### DATA SUPPLIED ###
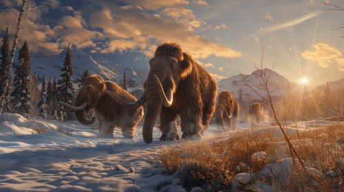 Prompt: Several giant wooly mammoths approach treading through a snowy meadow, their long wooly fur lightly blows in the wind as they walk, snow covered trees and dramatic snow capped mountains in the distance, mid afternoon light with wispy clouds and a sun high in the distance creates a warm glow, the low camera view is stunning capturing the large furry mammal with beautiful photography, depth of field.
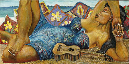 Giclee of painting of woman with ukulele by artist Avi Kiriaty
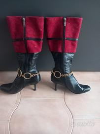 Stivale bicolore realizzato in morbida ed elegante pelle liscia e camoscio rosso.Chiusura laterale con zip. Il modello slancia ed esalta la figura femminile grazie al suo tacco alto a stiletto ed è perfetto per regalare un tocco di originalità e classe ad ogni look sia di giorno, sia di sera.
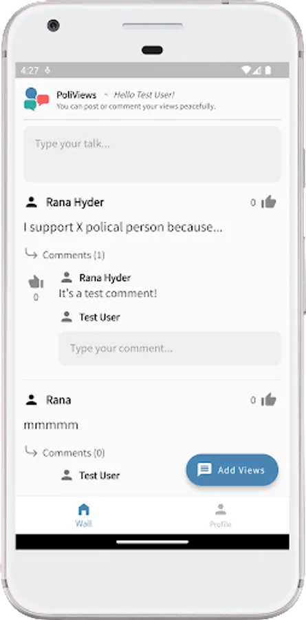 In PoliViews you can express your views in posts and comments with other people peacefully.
###
### DATA SUPPLIED ###
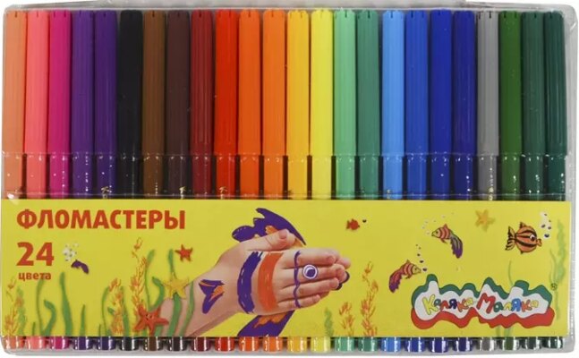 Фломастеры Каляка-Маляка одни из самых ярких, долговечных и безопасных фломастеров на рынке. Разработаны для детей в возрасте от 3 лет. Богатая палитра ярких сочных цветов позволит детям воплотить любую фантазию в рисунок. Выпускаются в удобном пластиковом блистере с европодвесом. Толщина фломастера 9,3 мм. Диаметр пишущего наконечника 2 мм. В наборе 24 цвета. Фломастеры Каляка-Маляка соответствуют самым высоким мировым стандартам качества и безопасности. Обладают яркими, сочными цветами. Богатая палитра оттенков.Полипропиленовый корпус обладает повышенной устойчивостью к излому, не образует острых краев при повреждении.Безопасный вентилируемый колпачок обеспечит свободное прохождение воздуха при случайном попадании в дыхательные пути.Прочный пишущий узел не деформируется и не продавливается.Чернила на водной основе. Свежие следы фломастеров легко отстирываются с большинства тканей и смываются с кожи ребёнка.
###
Going by the entries above, repeat exactly the lines that start at the line with "Prompt: Several giant" and go on through the line with "In PoliViews you". Pictures are not part of the copy.

 Prompt: Several giant wooly mammoths approach treading through a snowy meadow, their long wooly fur lightly blows in the wind as they walk, snow covered trees and dramatic snow capped mountains in the distance, mid afternoon light with wispy clouds and a sun high in the distance creates a warm glow, the low camera view is stunning capturing the large furry mammal with beautiful photography, depth of field.
 Giclee of painting of woman with ukulele by artist Avi Kiriaty
 Stivale bicolore realizzato in morbida ed elegante pelle liscia e camoscio rosso.Chiusura laterale con zip. Il modello slancia ed esalta la figura femminile grazie al suo tacco alto a stiletto ed è perfetto per regalare un tocco di originalità e classe ad ogni look sia di giorno, sia di sera.
 In PoliViews you can express your views in posts and comments with other people peacefully.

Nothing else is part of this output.